__What you have to do__: Ignoring every picture, return the lines of the listing below word for word, from the line that holds "3-11 | Marco" through the line that holds "紅山山頂南コースが、あの岩場を登るコースです。".

__Raw data__:
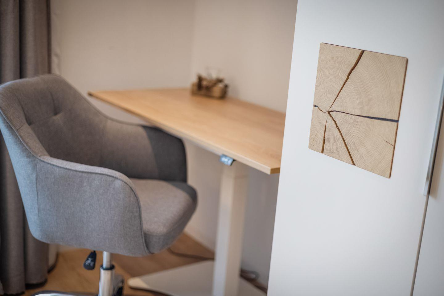 Mittelpunkt der Wohnung ist der offen gestaltete Wohn- und Essbereich mit hochwertigen Möbeln und einem Gaskamin, der auch an verregneten Tagen für Gemütlichkeit sorgt. Zum Wohnbereich gehört außerdem eine moderne Küchenzeile mit Geschirrspülmaschine, Backofen und Induktionskochfeld. Vom Wohnbereich aus erreichen Sie Ihre Terrasse von der aus Sie sowohl das Wattenmeer als auch den Weststrand der Insel bewundern können.
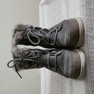 Sorel Explorer Joan Waterproof Winter Snow Boots genuine leather faux fur gray womens 6. Great condition, gently worn
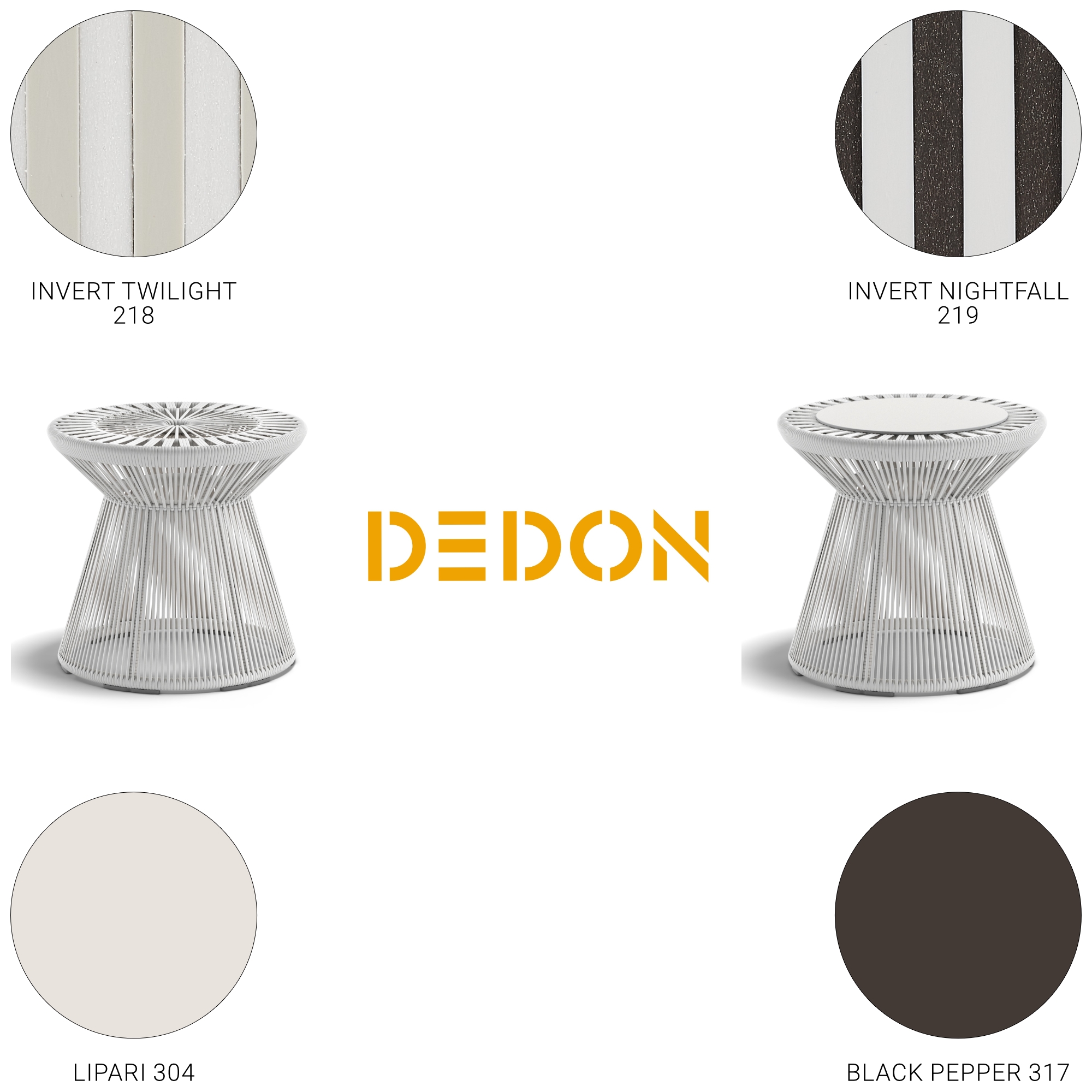 Hergestellt aus DEDON invert Faser, die über einen pulverbeschichteten Aluminiumrahmen geflochten ist. Die DEDON invert Faser wird im Co-Extrusionsverfahren hergestellt, einem Prozess, bei dem zwei verschiedene Faserfarben und Arten in einem Strang kombiniert werden. Mit einem weichen Tuch und warmem Wasser reinigen.
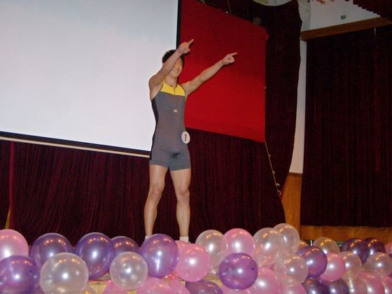 大赛第二环节是运动装展示,选手手持不同的运动器材进场,用意是展示选手自信、阳光的一面。
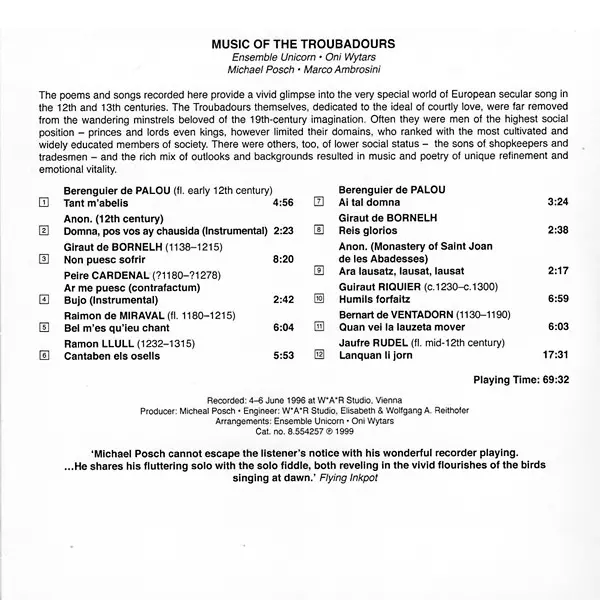 3-11 | Marco Ambrosini, Oni Wytars, Ensemble Unicorn, Michael Posch: Quan Vei La Lauzeta Mover | 6:03 min | |
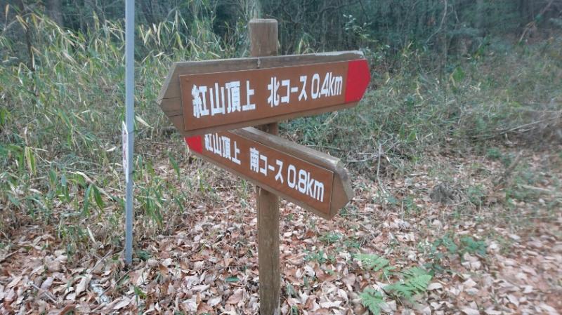 紅山山頂南コースが、あの岩場を登るコースです。
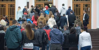 Утром 26 сентября у входа в МОН собираются люди: студенты ТНУ и их родители пришли на торжественное открытие вуза, зал для мероприятия предоставило министерство. Ожидая начала, крымчане рассказывают, как добрались: "Я на границе колорада подвез, такого от него наслушался".
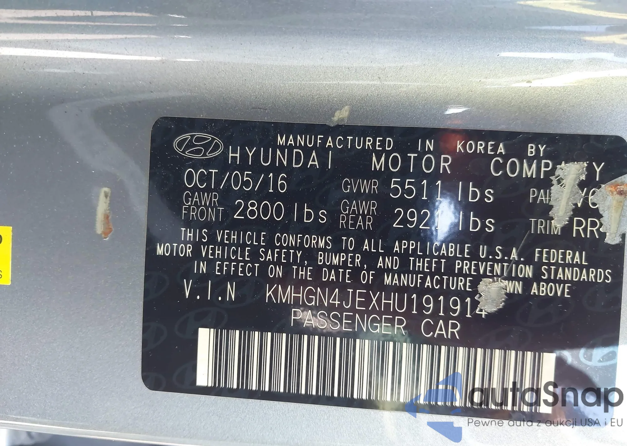 • VIN: KMHGN4JEXHU191914
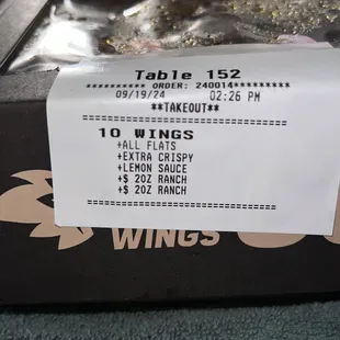 6 Boneless Wings 6 Traditional Wings Potato Wedges Desert Heat on boneless and Spicy Garlic on bones.
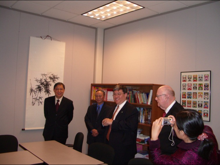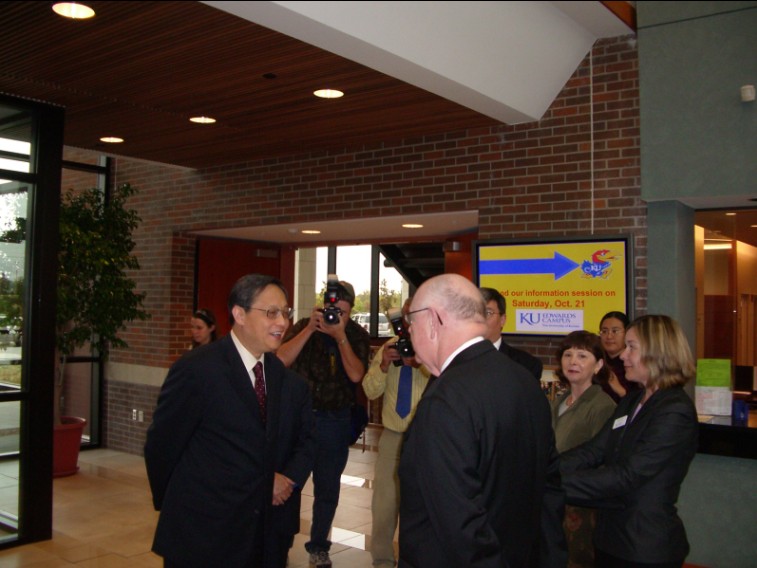 周文重大使在中国驻芝加哥总领事徐尽忠的陪同下,抵达位于堪萨斯城爱德华兹校区的我校与堪萨斯大学合办的孔子学院,和早已在此等候的堪萨斯大学校长罗伯特·海明威热情握手,亲切交谈。周文重大使和徐尽忠总领事在海明威校长和孔子学院执行院长比尔·楚促宜的陪同下,饶有兴趣地参观了孔子学院的专用教室、资料室和办公区。周大使认真听取了梁志群、易宏根两位老师所作的学院开办及教学情况的介绍,观看了汉语远程教育项目的录像短片。周大使感谢美方在孔子学院的建设中给予的支持和帮助,高度肯定了我校与堪萨斯大学合办孔子学院的工作成绩,勉励全体教师、工作人员为推广汉语教学、弘扬中华文化做出贡献。
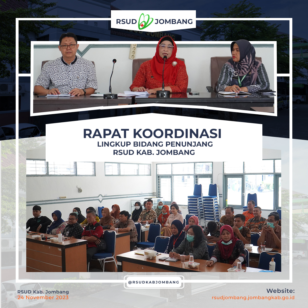 Rapat Koordinasi Lingkup Bidang Penunjang yang dipimpin oleh Ibu Siti Munawaroh SKep Ns MM Kepala Bidang Penunjang Medik dan Non Medik RSUD Kabupaten Jombang di ruang pertemuan Mini Lab, Jumat (24/11/2023).
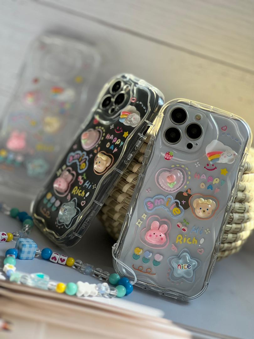 قاب موبایل شیائومی اپوکسی بیرنگ روز شاد خرس و خرگوش برجسته + آویزست
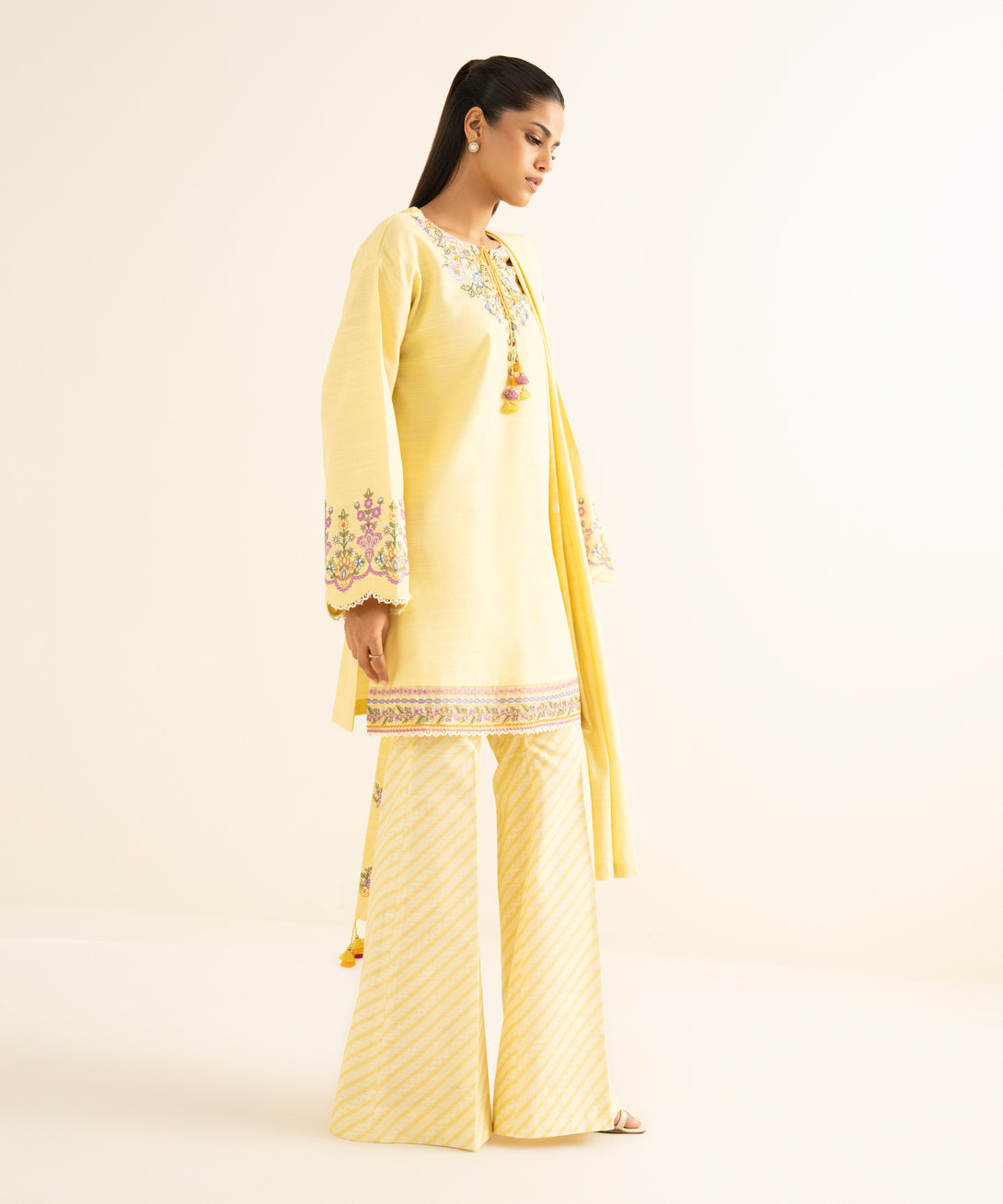 Make a statement with our three-piece embroidered ensemble featuring a khaddar shirt and trousers paired with a blended dupatta.
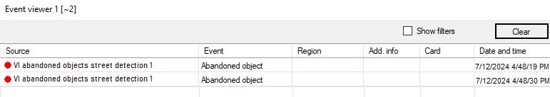 In case of an alarm in the surveillance area, the corresponding message Abandoned object from the VI abandoned objects street detection object is received in the Event viewer interface window. When an alarm in the surveillance area stops, the Triggering end event is received. See also VI abandoned objects street detection.
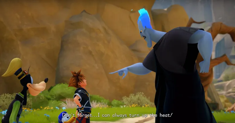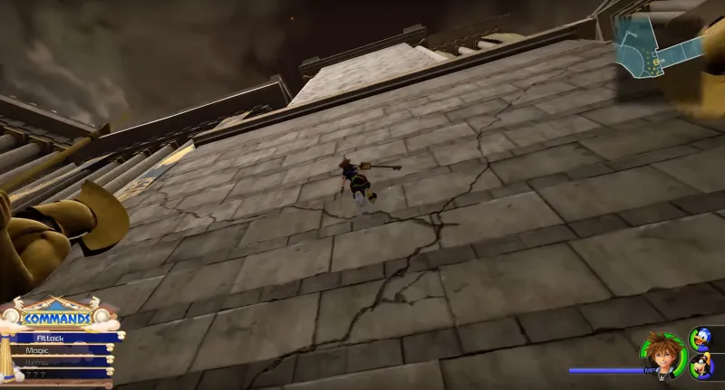 One of Kingdom Hearts III's early action sequences seems incomplete. Sora, Goofy, and Donald are joined by Hercules in a rescue effort to save a little girl who is trapped on a cliff surrounded by fire. Time is of the essence in saving her. Thinking on his feet, Hercules asks the trio to climb onto the back of a statue that had fallen over. The statue just happens to be of Hercules. As odd as it is to see Hercules pick up a giant statue of himself, what happens next is largely left up to the viewer's imagination. It broke my daughter's mind.
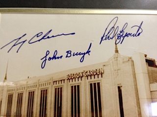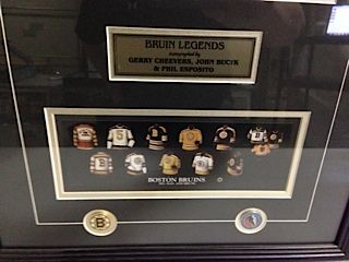 WALL MOUNT SHOWCASE FEATURING BOSTON BRUIN LEGENDS SIGNED BY: GERRY CHEEVERS, JOHN BUCYK AND PHIL ESPOSITO, WITH C.O.A.
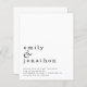 Simple Typographie Mariage Enregistrer La Date. Une alternative économique pour PETIT 4,5 po x 5,6 po. Disponible dans un STOCK SEMI GLOSS 110 lb CARD ou un STOCK SATIN FINISH 80 lb THINNER PAPER. Les enveloppes sont en option. Style informel. Vos noms sont grands dans une minuscule élégante avec les détails en bas et beaucoup d'espace blanc en haut pour le style contemporain. Personnalisez facilement le texte à vos propres détails.
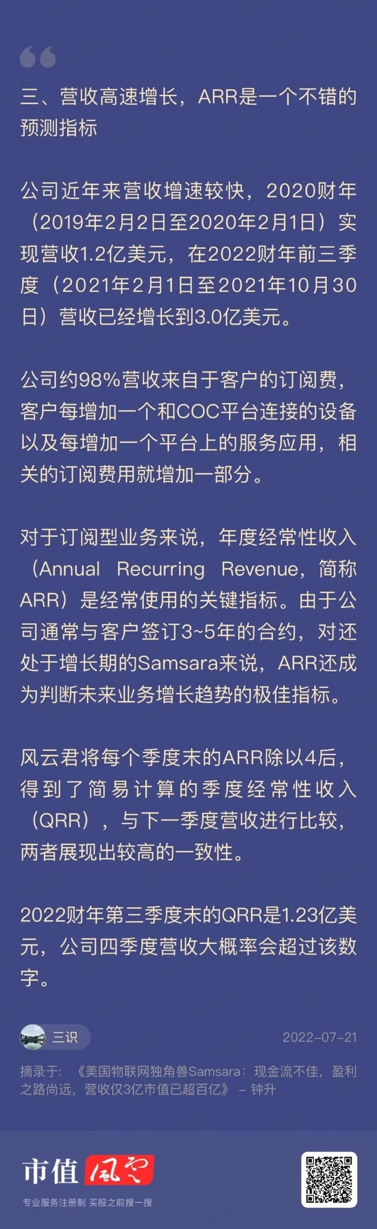 比如风云君曾经研究过的美国物联网公司Samsara(IOT.N),其为物流行业免费提供联网设备,并通过订阅费赚钱。Samsara 2022财年的年度经常性收入(ARR)达到5.58亿美元,目前市值为72亿美元(截至7月15日收盘)。
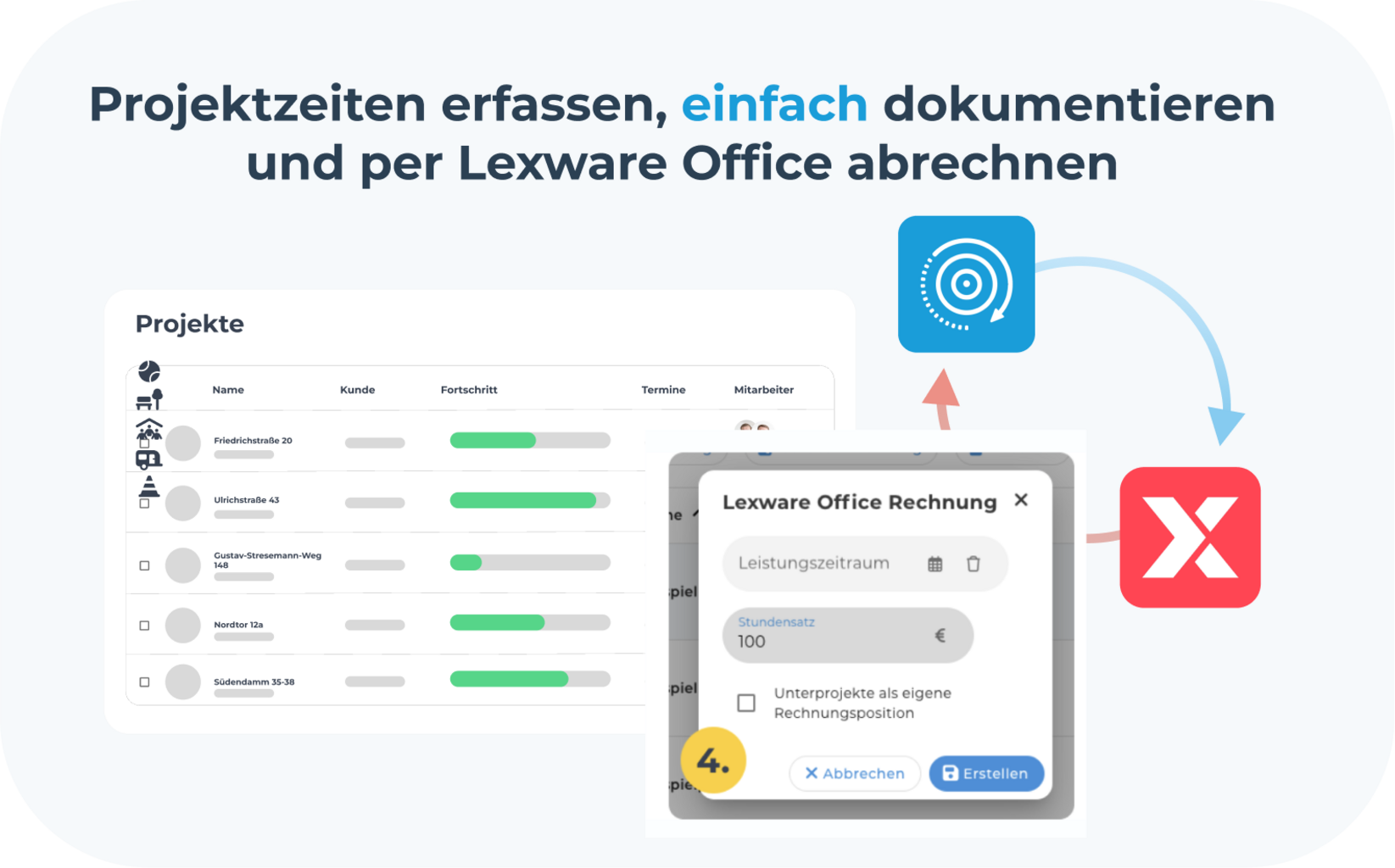 Kombiniere Lexware Office mit clockin um das Auftrags- und Projektmanagement von der Erfassung bis zur Abrechnung komplett digital abzuwickeln. Ohne einen einzigen Zettel.
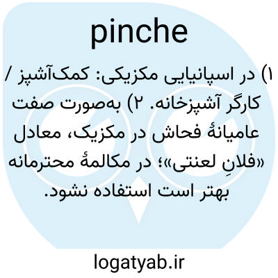 ۱) در اسپانیایی مکزیکی: کمک‌آشپز / کارگر آشپزخانه. ۲) به‌صورت صفت عامیانهٔ فحاش در مکزیک، معادل «فلانِ لعنتی»؛ در مکالمهٔ محترمانه بهتر است استفاده نشود.
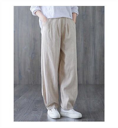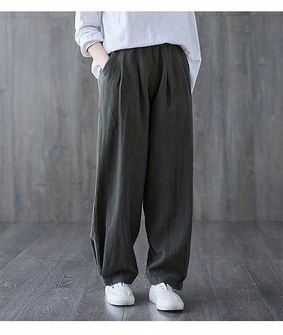 パンツ ロングパンツ テーパードパンツ サルエルパンツ ワイドパンツ バルーンパンツ ボトムス レディース ズボン ガウチョパンツ ウエストゴム 美脚 リネン 綿麻 コットンリネン 無地 着痩せ 30

__Answer to this problem__:
 3-11 | Marco Ambrosini, Oni Wytars, Ensemble Unicorn, Michael Posch: Quan Vei La Lauzeta Mover | 6:03 min | |
 紅山山頂南コースが、あの岩場を登るコースです。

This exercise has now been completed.